Ensure tight fit. Avoid large empty margins, and do not cut off valid points. Rotate the 3D view often and inspect from multiple angles before finalizing.
Align the bottom face to the ground. Most road and warehouse objects rest on the ground plane. Many tools like BasicAI can run ground segmentation to separate ground and non-ground points. Another simple tactic is to restrict the visible height range. For example, only showing points from 0.5-5m above ground to reduce clutter.
Calibrate sensor alignment when using LiDAR fusion data. Visual mismatches between 3D point clouds and 2D camera images are common. BasicAI provides online calibration tools (the camera + gear button on the dataset page).
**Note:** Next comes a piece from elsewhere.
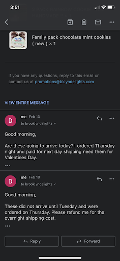 Ā Ā Ā Read moreTreats weāre very good....however the customer service is awful. I ordered 3 business days before I needed my products with next day shipping. Not only did they not arrive until 2 business days after I needed them but they did not reply to 2 emails I sent asking for help/refund of next day shipping charge

Place a reference point on a clearly identifiable physical feature in the point cloud, then adjust its 2D projection in the corresponding camera image until the coordinate frames align.
Human-model coupling. Advanced platforms like BasicAI include pre-trained ML models that detect common classes and propose cuboids. For sequences, auto tracking features can propagate cuboids across frames and keep stable object IDs.
Consider partnering with professional annotation providers. 3D cuboid annotation demands significant cognitive load, substantial hardware resources, and specialized expertise. Leading AI teams frequently work with dedicated annotation companies that bring robust multi-tier QA frameworks and purpose-built infrastructure to deliver high-quality, consistent 3D annotations at industrial scale. This directly supports safer, more reliable AI models in production.